:: Data section
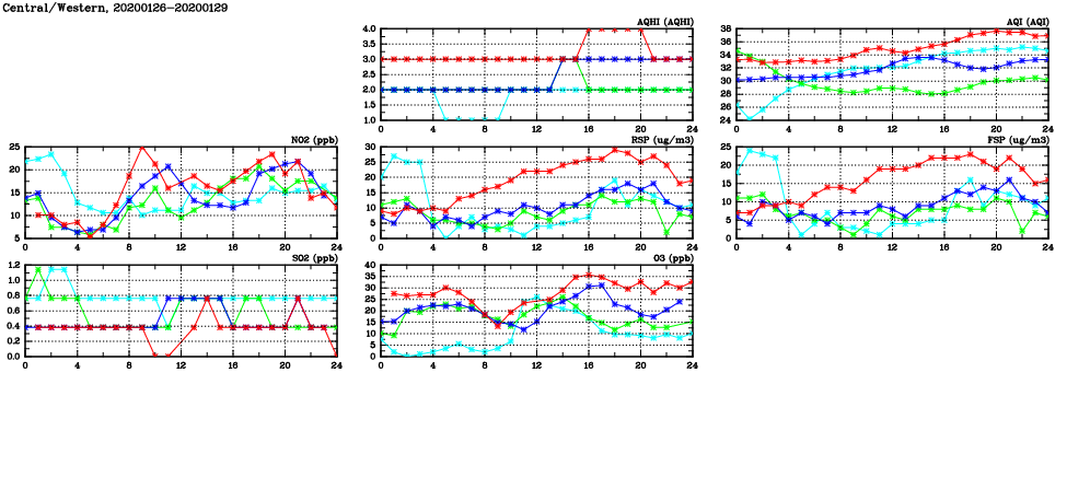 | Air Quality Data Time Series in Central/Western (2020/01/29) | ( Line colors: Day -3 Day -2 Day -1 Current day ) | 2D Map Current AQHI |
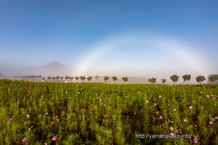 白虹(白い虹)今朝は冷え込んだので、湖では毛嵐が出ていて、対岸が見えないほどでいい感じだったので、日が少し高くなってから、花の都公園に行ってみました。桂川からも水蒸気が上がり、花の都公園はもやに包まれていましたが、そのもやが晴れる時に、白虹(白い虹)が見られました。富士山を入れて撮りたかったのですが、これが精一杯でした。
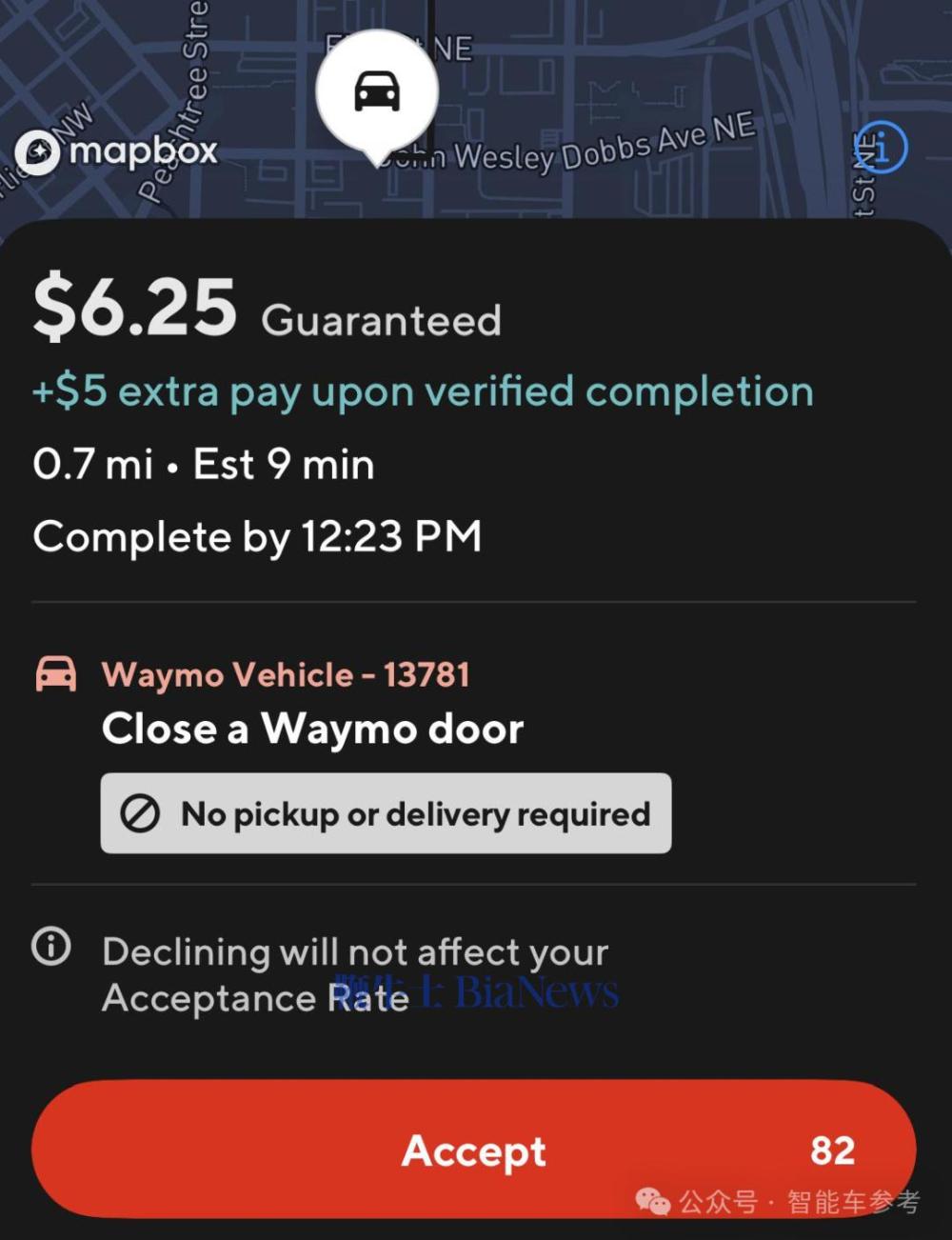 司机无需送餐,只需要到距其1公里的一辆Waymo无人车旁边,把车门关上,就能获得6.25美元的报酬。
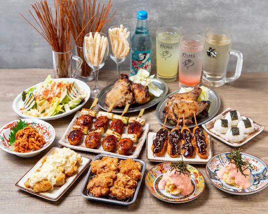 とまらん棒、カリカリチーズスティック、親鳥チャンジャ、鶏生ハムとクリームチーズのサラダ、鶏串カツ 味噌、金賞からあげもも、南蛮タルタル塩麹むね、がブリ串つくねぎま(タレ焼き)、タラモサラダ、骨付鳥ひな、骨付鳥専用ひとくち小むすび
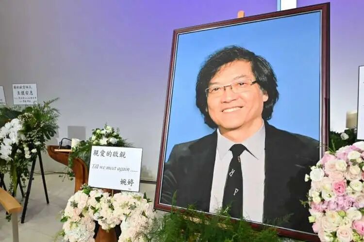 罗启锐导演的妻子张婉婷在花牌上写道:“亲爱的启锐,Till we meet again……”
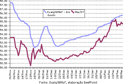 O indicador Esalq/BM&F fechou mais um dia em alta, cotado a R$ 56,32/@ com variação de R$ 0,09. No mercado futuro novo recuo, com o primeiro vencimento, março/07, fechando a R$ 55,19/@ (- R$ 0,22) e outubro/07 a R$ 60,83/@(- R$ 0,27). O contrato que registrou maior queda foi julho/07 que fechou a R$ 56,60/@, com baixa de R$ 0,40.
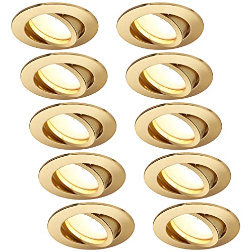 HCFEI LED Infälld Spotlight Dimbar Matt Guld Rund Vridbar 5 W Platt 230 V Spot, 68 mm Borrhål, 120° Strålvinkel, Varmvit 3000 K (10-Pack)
::::
:: Data section
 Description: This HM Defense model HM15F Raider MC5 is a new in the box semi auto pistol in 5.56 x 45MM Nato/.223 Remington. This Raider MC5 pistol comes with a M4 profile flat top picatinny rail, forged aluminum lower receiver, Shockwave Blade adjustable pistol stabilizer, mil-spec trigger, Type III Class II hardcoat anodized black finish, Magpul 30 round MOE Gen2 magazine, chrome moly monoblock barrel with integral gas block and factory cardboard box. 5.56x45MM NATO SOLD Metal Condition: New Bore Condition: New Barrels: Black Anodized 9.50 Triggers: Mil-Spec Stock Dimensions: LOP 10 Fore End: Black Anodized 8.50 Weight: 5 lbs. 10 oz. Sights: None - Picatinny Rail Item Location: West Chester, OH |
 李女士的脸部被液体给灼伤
::::
Work instruction >>
In the data above, start at the line that has "Description: This HM", stop after the line that has "李女士的脸部被液体给灼伤", and print every line in between exactly as it stands.

Solution to this exercise >>
 Description: This HM Defense model HM15F Raider MC5 is a new in the box semi auto pistol in 5.56 x 45MM Nato/.223 Remington. This Raider MC5 pistol comes with a M4 profile flat top picatinny rail, forged aluminum lower receiver, Shockwave Blade adjustable pistol stabilizer, mil-spec trigger, Type III Class II hardcoat anodized black finish, Magpul 30 round MOE Gen2 magazine, chrome moly monoblock barrel with integral gas block and factory cardboard box. 5.56x45MM NATO SOLD Metal Condition: New Bore Condition: New Barrels: Black Anodized 9.50 Triggers: Mil-Spec Stock Dimensions: LOP 10 Fore End: Black Anodized 8.50 Weight: 5 lbs. 10 oz. Sights: None - Picatinny Rail Item Location: West Chester, OH |
 李女士的脸部被液体给灼伤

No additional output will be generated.